Поезд прибыл по расписанию, однако на станции никто не ждал. Джона пошел пешком. Два с половиной километра, и еще не слишком жарко.
Он прошел мимо супермаркета «Вальдбаум» — каждый раз вздрагивал при виде этой махины, если давно не приезжал и успевал отвыкнуть. Отгремела ярмарка ремесел, ее вывески все еще торчали на массивных дубах, осенявших и озеленявших улицы. На ходу Джона касался почтовых ящиков, собирая кончиками пальцев еще не просохшую росу. Он выбрался из города в безветренную пригородную тишину, где разве что зяблики забавлялись да верещали домашние питомцы. Кровельные крыши и большие автомобили; открытое пространство, тень, кустарники в цвету — отрада для глаз после серости Манхэттена.

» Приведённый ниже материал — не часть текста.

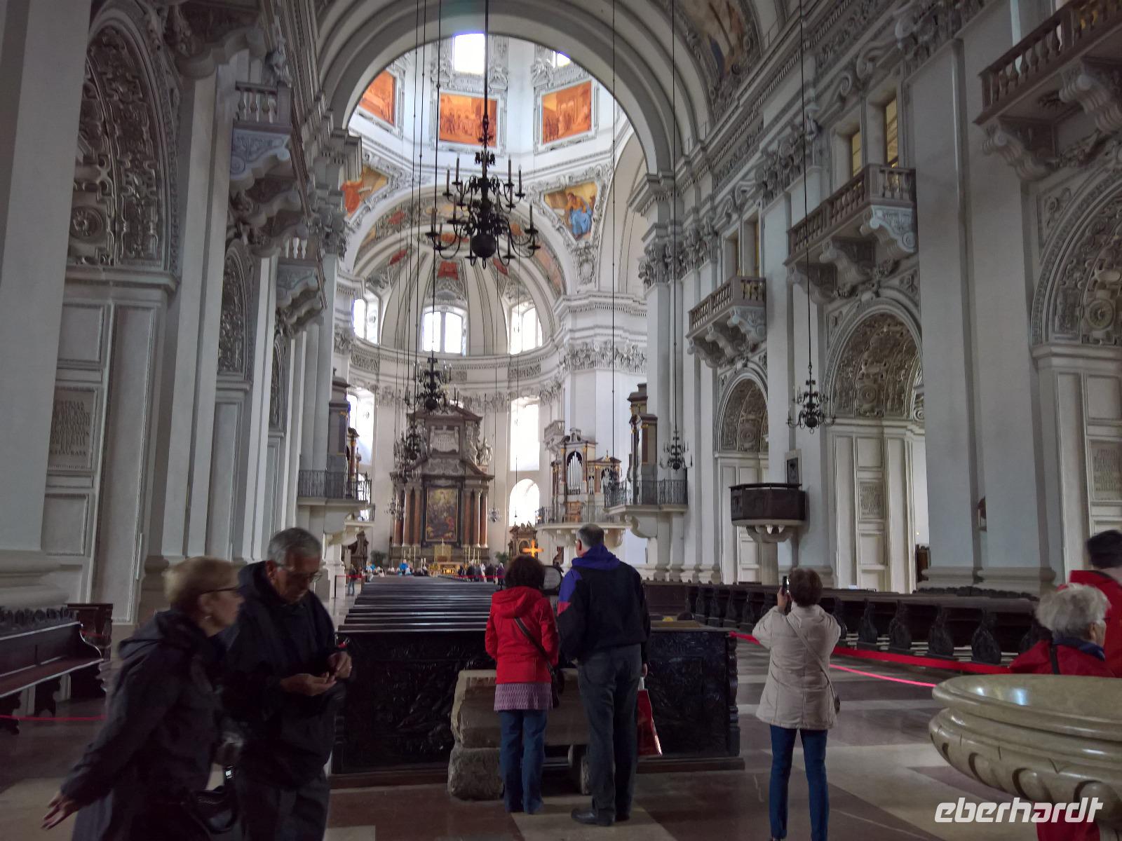 Ein Blick in den Dom, heute ein Barockbau, früher romanisch mit 11 Altären und 7 Glocken, zeugt von der Pracht Salzburgs.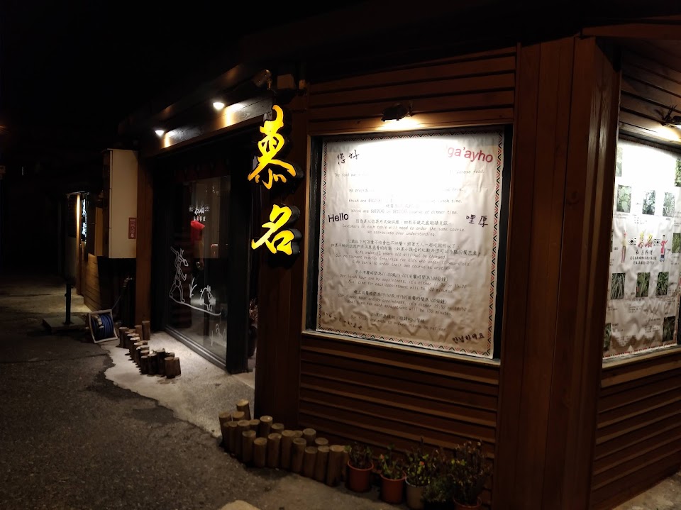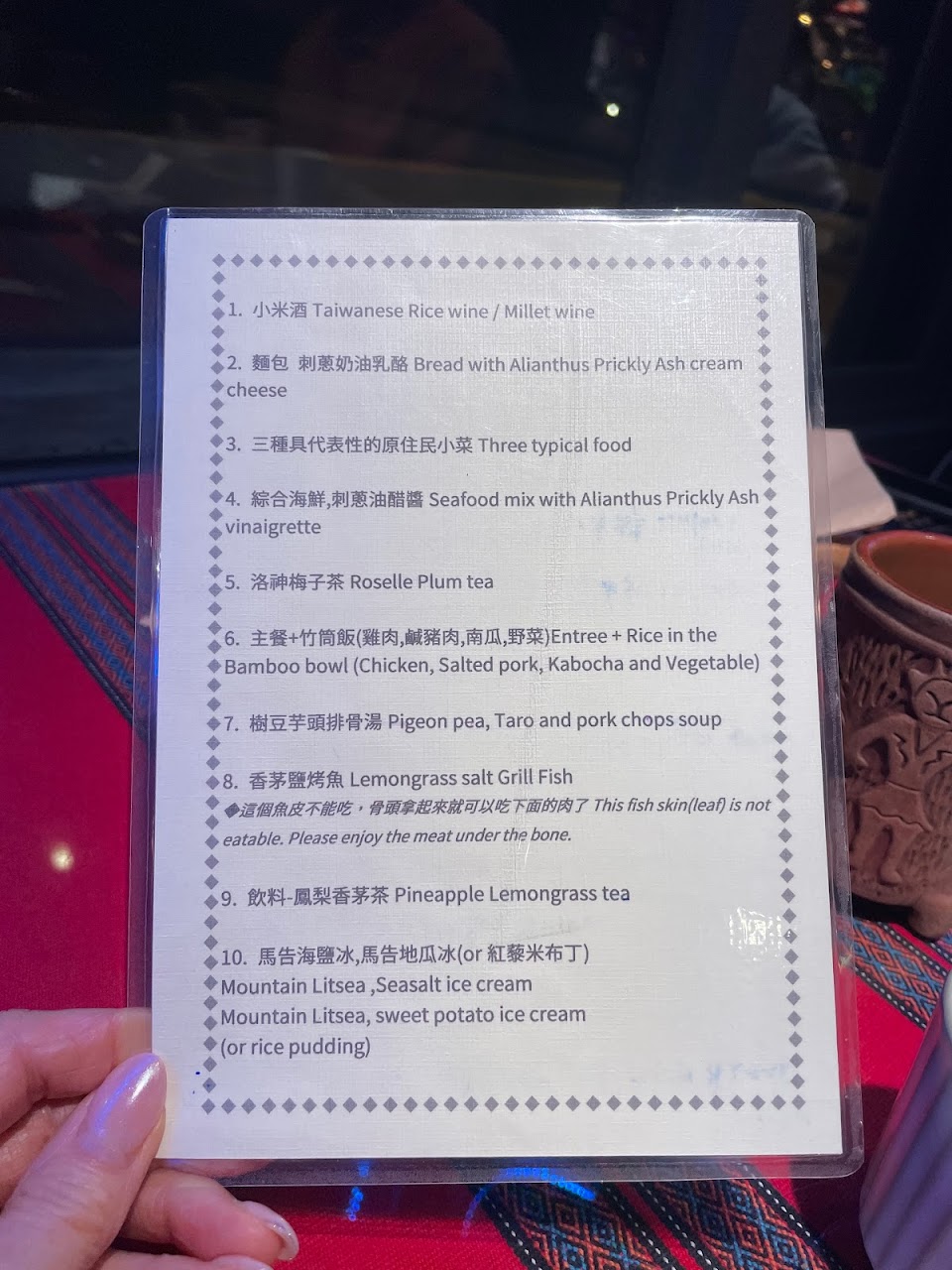 很普通卻很貴的名店。無菜單料理只是標準套餐的代名詞,基本上就那幾道,沒什麼選擇。服務生上菜時不會介紹,菜名也說得很含糊。小米酒調酒好喝也有特色,但只有很小一杯。前菜擺盤好看,生魚片是全旗魚,主餐吃起來非常油膩,配菜是莧菜。烤魚很大一隻,是吳郭魚,吃起來是土味與刺蔥的蚊香味,很看個人喜好。南瓜蔬菜湯的南瓜味很淡,竹筒飯的飯香氣不足。冰淇淋還不錯,口味有特色,但不會想再吃。

В половине одиннадцатого Джона ступил на крыльцо грязно-белого особняка в стиле ранчо в конце заросшего зеленью тупика. Двор перед домом — памятник несбывшимся добрым намерениям: по одной стороне дорожки пробились не слишком дружные цветы (лаванда, петуния, лютики), а другая сторона была огорожена лишь до середины, словно приглашая визитеров соступить с потрескавшихся плит и пересечь лужайку, местами в сорняках, местами лысую. Жители этого дома, видимо, признали свое поражение. Но лето есть лето: солнце припекало, от земли поднимался горячий и сладкий дух — в целом все это казалось потрепанно-уютным, а не безнадежным. Зимой хуже. Джона мог это подтвердить.
У него имелся ключ, но сперва Джона постучал.
В холле сумрачно, затхлый воздух. Затоптанный оранжевый ковер, три столба света проникают сквозь прорези парадной двери, слегка расплываясь по краям. Но в гостиной, отметил Джона, подушки взбиты и лакированные поверхности пахнут лимоном. Домработница приходила.
Он пошел в дальнюю комнату, на звук работавшего телевизора. Там в шезлонге громко храпел мужчина средних лет; рот распахнут, натянута кожа. Спал он в мятых трусах-«боксерах» и линялой футболке с надписью «Флорида Киз». Голову его замкнули в скобки дужки захватанных очков, пальцы придерживали пустой стакан на полу.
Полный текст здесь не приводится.